▶ Problem description: A faithful copy of the listing below is needed, one that contains no pictures.

▶ The data:

[Start of Attachment]

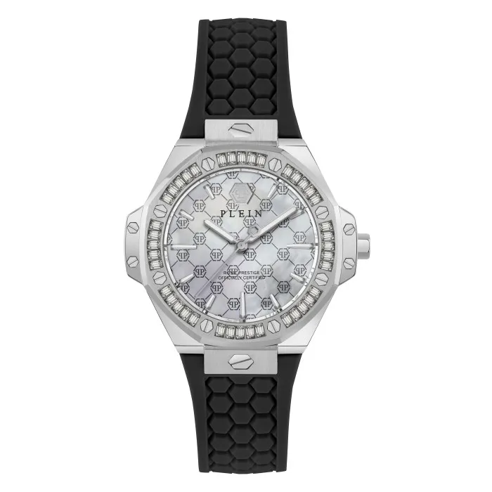 The Philipp Plein® Analogue 'Plein Royal Prestige' Women's Watch PW4FA0325 is a stunning embodiment of luxury and sophistication. Crafted with meticulous attention to detail, this watch features a striking round case made from high-quality stainless steel. Measuring 33mm in diameter, its elegant silver case provides the perfect backdrop for the captivating mother of pearl dial, which exudes a refined charm. The mineral glass window ensures durability while enhancing the watch's overall visual appeal. This timepiece boasts a distinguished appearance with stone settings around the bezel, adding an extra touch of opulence that is sure to catch the eye. Designed with comfort and practicality in mind, the watch is fitted with a chic black silicone band that not only provides durability but also complements the watch's elegant aesthetics. With a length of 19cm and a width of 18mm, the band secures using a deployment clasp that ensures a snug fit on your wrist. This watch also offers an impressive water resistance of up to 5 ATM, allowing for everyday wear without worry. With a lightweight design, tipping the scales at just 58 grams, it is an ideal accessory for women who appreciate style combined with functionality. The quartz movement provides precise timekeeping, making it a perfect companion for both formal occasions and casual outings. Embrace the luxurious allure of the 'Plein Royal Prestige' and let it elevate your distinctive style, whether at a gala or during everyday activities.Shop Philipp Plein PW4FA0325 at Ormoda
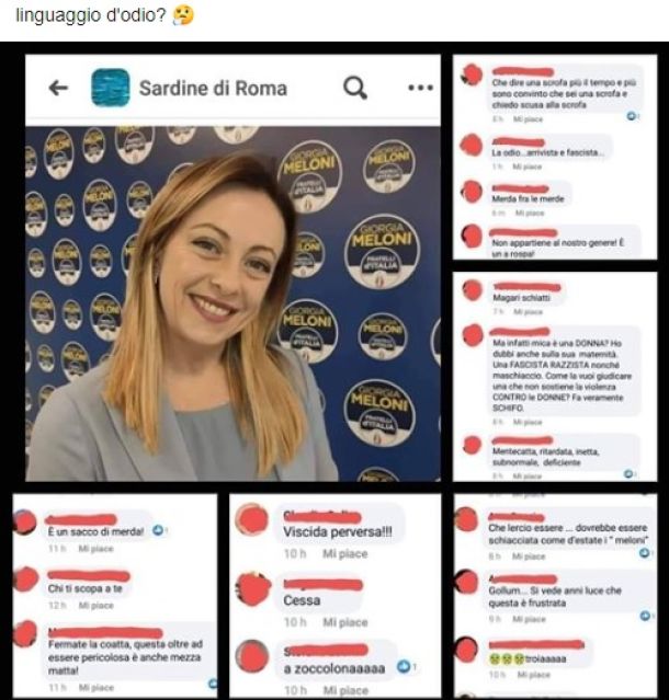 ROMA – Leggete gli amorevoli commenti che mi rivolgono sul gruppo ‘Sardine di Roma’. Ma questi signori sono quelli che scendono in piazza contro il linguaggio d’odio?». Giorgia Meloni pubblica sui social lo screenshot di una pagina delle Sardine di Roma piena di pesanti insulti nei suoi confronti. A stretto giro arrivano le scuse delle Sardine nazionali, che ricordano come gli insulti si trovano sulla pagina gestita da Stephen Ogongo che «non è più
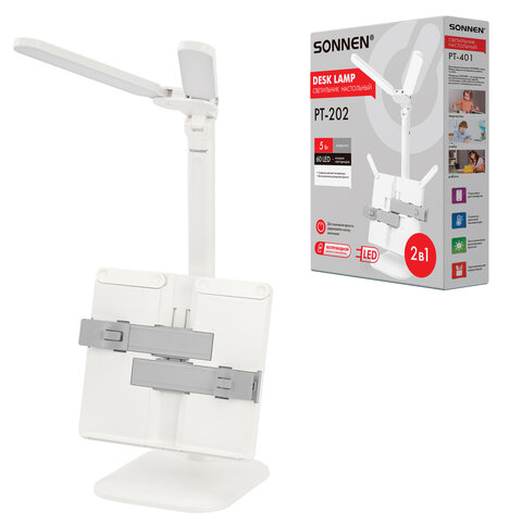 Тип лампы: светодиодная Тип крепления: подставка Мощность: 5 Вт Цоколь: нет Назначение: универсальный Серия: PT-20 Цветность света: нейтральный белый - 3500-4500 К, теплый белый - 2700-3400 К, холодный белый - от 6100 и более Световой поток: 450 Люмен Кол-во режимов свечения: 3 Источник света: 60 LED Источник питания: сеть, аккумулятор Расположение кнопки выключателя: на корпусе Сенсорный выключатель: да Произвольная регулировка направления подсветки: да Отсутствие мерцания и шумов: да Складная конструкция: да Высота: 53 см Длина шнура: 1.2 м Материал корпуса: пластик Цвет корпуса: белый
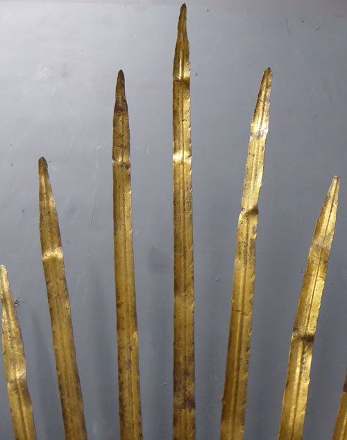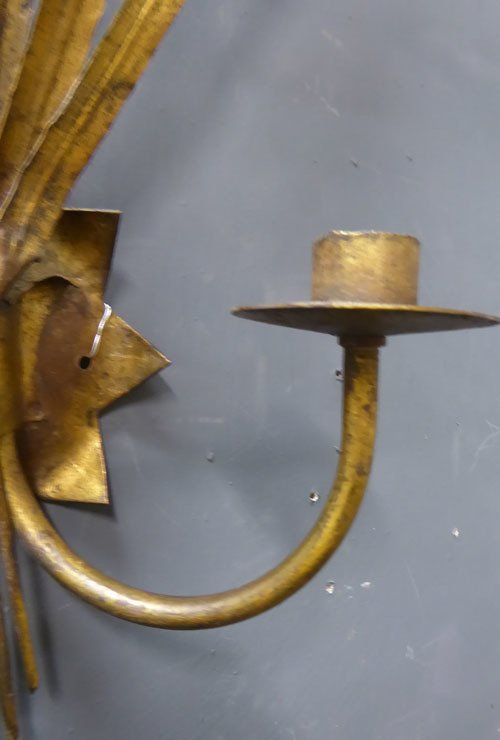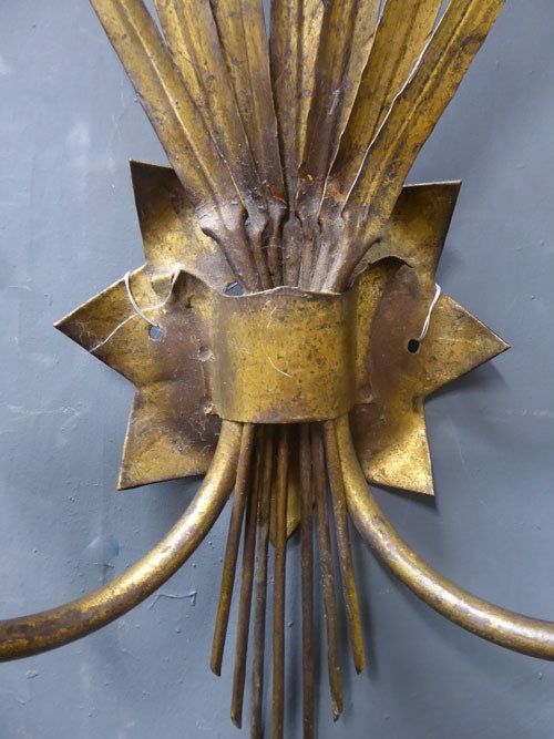 Ref 7394 - Pair of large gilt painted two arm metal bulrush leaf wall lights. Circa 1950.

[End of Attachment]

▶ Answer area:
 The Philipp Plein® Analogue 'Plein Royal Prestige' Women's Watch PW4FA0325 is a stunning embodiment of luxury and sophistication. Crafted with meticulous attention to detail, this watch features a striking round case made from high-quality stainless steel. Measuring 33mm in diameter, its elegant silver case provides the perfect backdrop for the captivating mother of pearl dial, which exudes a refined charm. The mineral glass window ensures durability while enhancing the watch's overall visual appeal. This timepiece boasts a distinguished appearance with stone settings around the bezel, adding an extra touch of opulence that is sure to catch the eye. Designed with comfort and practicality in mind, the watch is fitted with a chic black silicone band that not only provides durability but also complements the watch's elegant aesthetics. With a length of 19cm and a width of 18mm, the band secures using a deployment clasp that ensures a snug fit on your wrist. This watch also offers an impressive water resistance of up to 5 ATM, allowing for everyday wear without worry. With a lightweight design, tipping the scales at just 58 grams, it is an ideal accessory for women who appreciate style combined with functionality. The quartz movement provides precise timekeeping, making it a perfect companion for both formal occasions and casual outings. Embrace the luxurious allure of the 'Plein Royal Prestige' and let it elevate your distinctive style, whether at a gala or during everyday activities.Shop Philipp Plein PW4FA0325 at Ormoda
 ROMA – Leggete gli amorevoli commenti che mi rivolgono sul gruppo ‘Sardine di Roma’. Ma questi signori sono quelli che scendono in piazza contro il linguaggio d’odio?». Giorgia Meloni pubblica sui social lo screenshot di una pagina delle Sardine di Roma piena di pesanti insulti nei suoi confronti. A stretto giro arrivano le scuse delle Sardine nazionali, che ricordano come gli insulti si trovano sulla pagina gestita da Stephen Ogongo che «non è più
 Тип лампы: светодиодная Тип крепления: подставка Мощность: 5 Вт Цоколь: нет Назначение: универсальный Серия: PT-20 Цветность света: нейтральный белый - 3500-4500 К, теплый белый - 2700-3400 К, холодный белый - от 6100 и более Световой поток: 450 Люмен Кол-во режимов свечения: 3 Источник света: 60 LED Источник питания: сеть, аккумулятор Расположение кнопки выключателя: на корпусе Сенсорный выключатель: да Произвольная регулировка направления подсветки: да Отсутствие мерцания и шумов: да Складная конструкция: да Высота: 53 см Длина шнура: 1.2 м Материал корпуса: пластик Цвет корпуса: белый
 Ref 7394 - Pair of large gilt painted two arm metal bulrush leaf wall lights. Circa 1950.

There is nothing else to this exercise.